Ao procurar uma corretora para fazer a cotação, o ciclista deve ter em mãos um documento fiscal de compra da bicicleta. Algumas seguradoras, além disso, realizam uma vistoria da bike. A Neptunia, por exemplo, pede que o cliente realize uma vistoria on-line para análise. “O próprio interessado acessa o link da companhia de seguros e faz o up-load de seis fotos: da bike inteira, do selim, pedivela, câmbios, número de série e acessórios. De posse do número do laudo mais as informações pessoais, emitimos a apólice”, diz Douglas. Com o valor do bem estabelecido, calcula-se o valor anual do seguro e da franquia, em caso de sinistro.
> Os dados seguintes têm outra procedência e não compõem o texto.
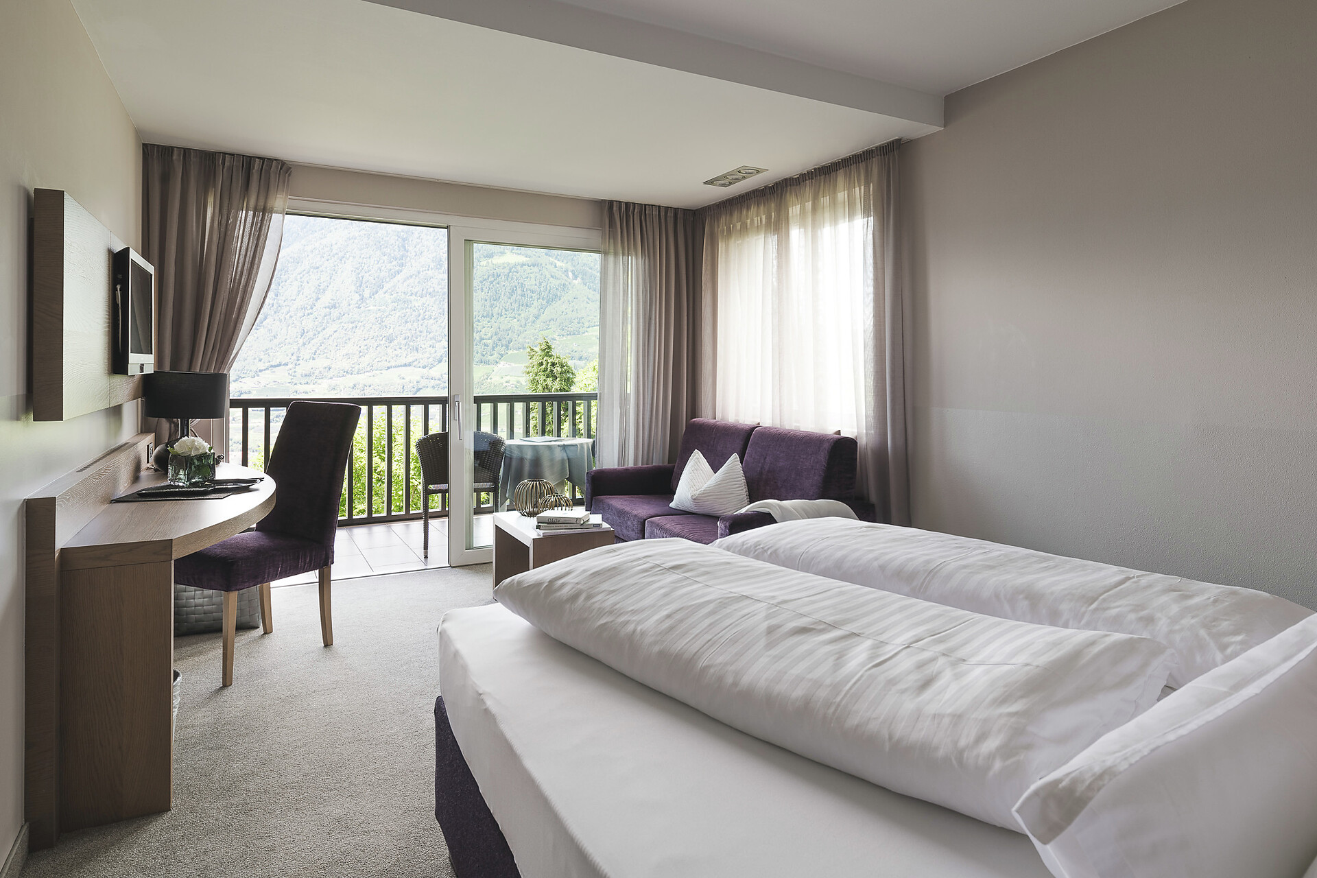 Dieses Zimmer bietet einen Panoramabalkon mit wundervoller Aussicht auf den Garten und die umliegenden Berge und ist mit Teppichboden und einem LCD-Sat-TV ausgestattet. Das moderne Designerbadezimmer verfügt über Dusche, WC und Haarföhn. Zudem befinden sich im Zimmer eine bequeme ausziehbare Doppelcouch inkl. Beistelltisch, Komfortbett [auch für Allergiker geeignet], Schreibtisch mit Leselampe, Zimmersafe, Internet-LAN und W-LAN.

Na Argo, segundo Janete Tani, “o processo de contratação é bem simples e para bicicletas novas pode ser feito 100% on-line. Os documentos necessários são nota fiscal ou recibo, fotos da bicicleta com número de série e dados pessoais do ciclista. Já para bicicletas usadas, poderá ser solicitada uma vistoria em alguma loja do ramo credenciada. Temos atendimento em todo o Brasil”. A Estar Seguros cobra 5% do valor da bicicleta por ano, e franquia de 10%, com mínimo de R$ 400. A Kalassa segura bicicletas a partir de R$ 3.000 e utiliza uma tabela de valor mínimo anual de acordo com a faixa de preço da bike. A primeira faixa cobre bicicletas de R$ 3.000 a R$ 8.000, com valor mínimo anual de R$ 500,00 e franquia de R$ 1.000. Para bicicletas com valores maiores, o valor do seguro também fica em torno de 5%. No caso de seguro residencial, Patrícia afirma: “havendo sinistro da bicicleta, e o segurado tendo contratado o seguro residencial, o caso vai para a análise da corretora, sempre com o intuito de repor o bem”. O nicho de seguro para bicicletas ainda tende a crescer e evoluir no Brasil, adaptando-se à nossa realidade e necessidades, com corretores cada vez mais especializados, garantindo ainda mais tranquilidade para o ciclista. Se você tem uma bicicleta de valor maior, mas se sente intimidado em certas situações, com medo de ser assaltado ou furtado, avalie a alternativa de realizar um seguro. Ter alguma garantia de reposição do seu bem e proteção ao seu patrimônio lhe deixarão mais à vontade para aproveitar sua bicicleta do jeito que você sonhou ao adquiri-la.